[ABOUT THIS EXERCISE]
In the material below, the required lines run from the one containing "Attēlotajā tabulā izvēlas, kuras" through the one containing "casaco feminino decote redondo xadrez marrom". Copy those lines exactly, ends included, and nothing else.

[DATA EXTRACTS]
┄┄┄┄┄┄

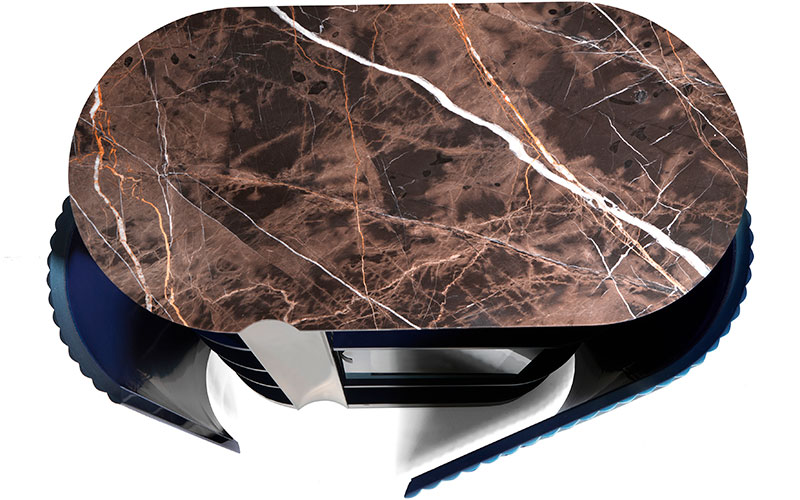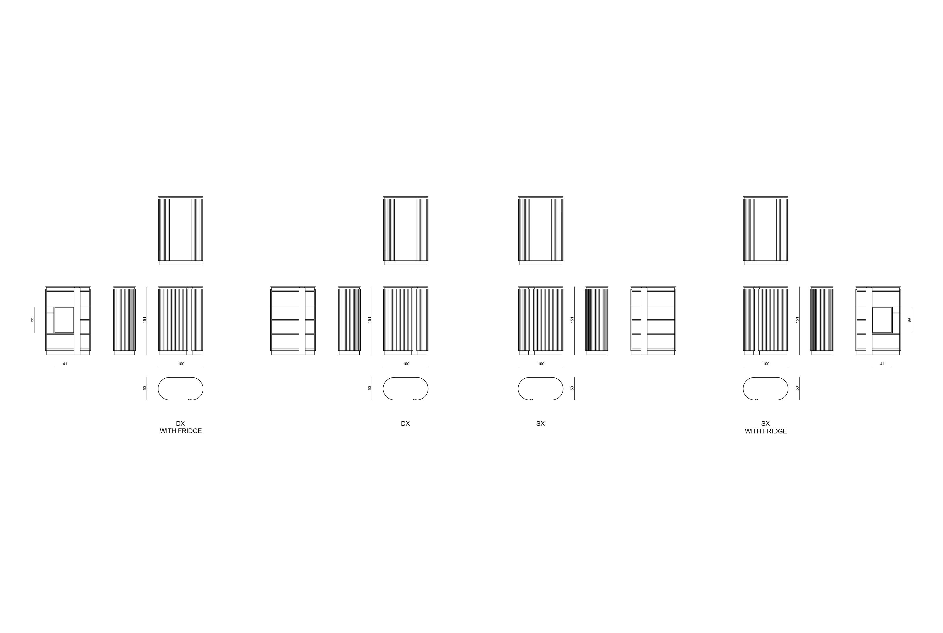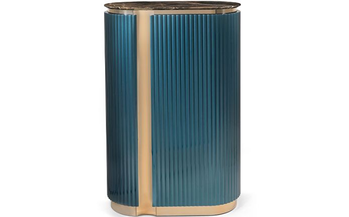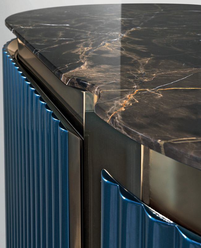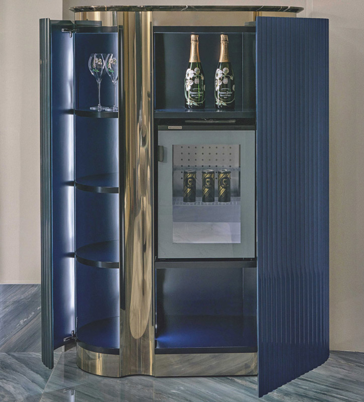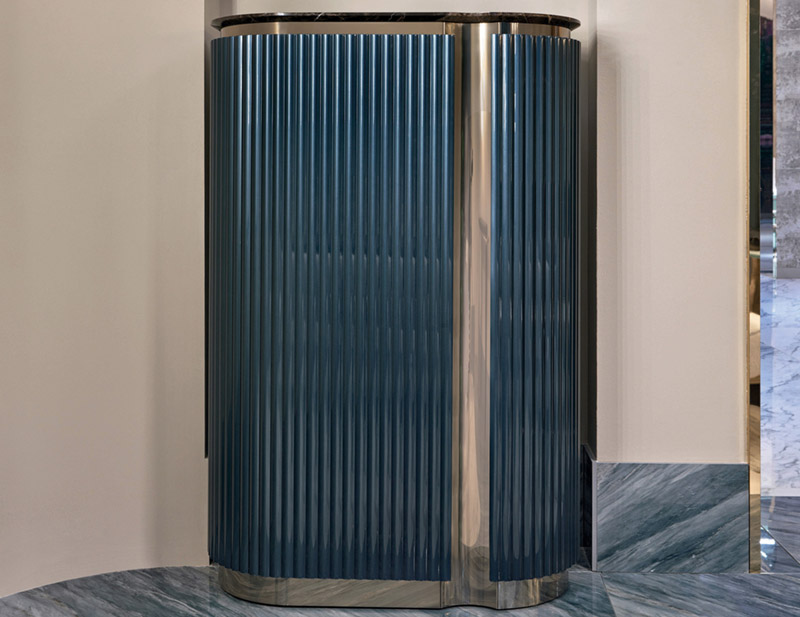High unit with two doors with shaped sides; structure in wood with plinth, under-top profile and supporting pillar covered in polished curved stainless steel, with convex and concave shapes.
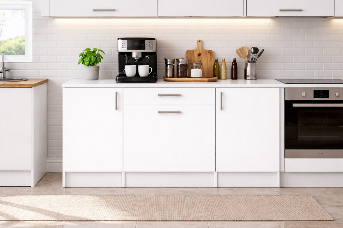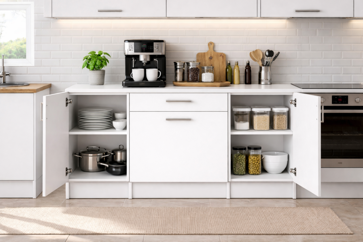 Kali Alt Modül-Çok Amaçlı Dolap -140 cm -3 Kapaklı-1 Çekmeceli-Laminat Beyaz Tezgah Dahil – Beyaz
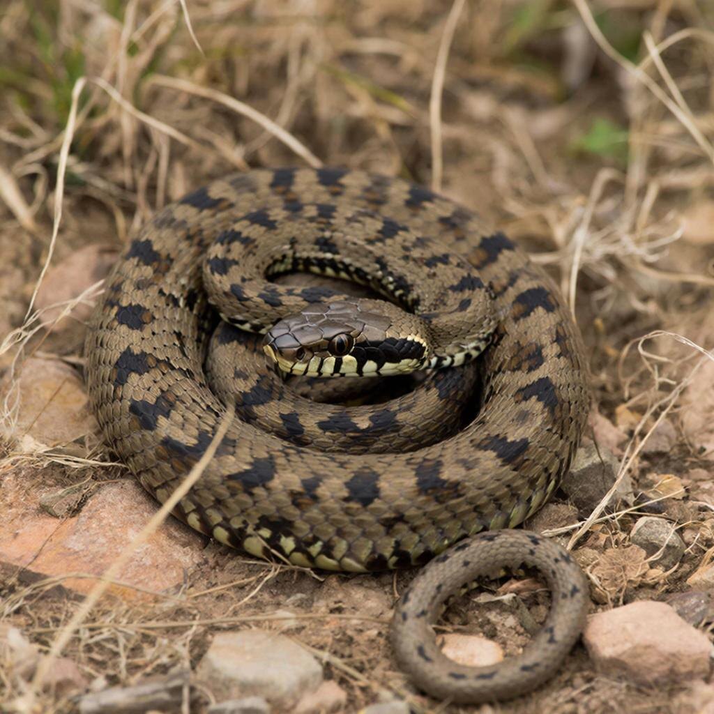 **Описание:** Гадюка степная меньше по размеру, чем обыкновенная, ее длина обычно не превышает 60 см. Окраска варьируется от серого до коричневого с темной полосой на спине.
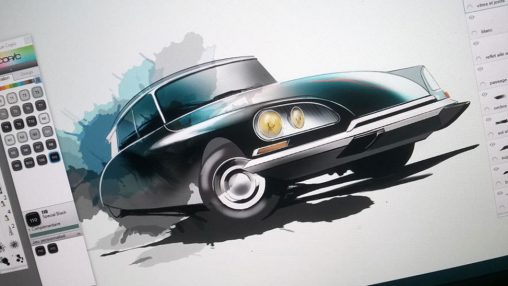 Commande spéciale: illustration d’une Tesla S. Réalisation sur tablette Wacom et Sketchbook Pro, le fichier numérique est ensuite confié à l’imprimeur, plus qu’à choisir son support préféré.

┄┄┄┄┄┄

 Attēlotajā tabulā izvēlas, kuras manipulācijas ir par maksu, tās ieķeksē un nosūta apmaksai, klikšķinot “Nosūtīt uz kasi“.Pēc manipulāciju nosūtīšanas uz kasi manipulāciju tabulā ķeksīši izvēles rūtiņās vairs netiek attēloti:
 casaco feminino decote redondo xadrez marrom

┄┄┄┄┄┄

[SOLUTION FOR THIS EXERCISE]
 Attēlotajā tabulā izvēlas, kuras manipulācijas ir par maksu, tās ieķeksē un nosūta apmaksai, klikšķinot “Nosūtīt uz kasi“.Pēc manipulāciju nosūtīšanas uz kasi manipulāciju tabulā ķeksīši izvēles rūtiņās vairs netiek attēloti:
 casaco feminino decote redondo xadrez marrom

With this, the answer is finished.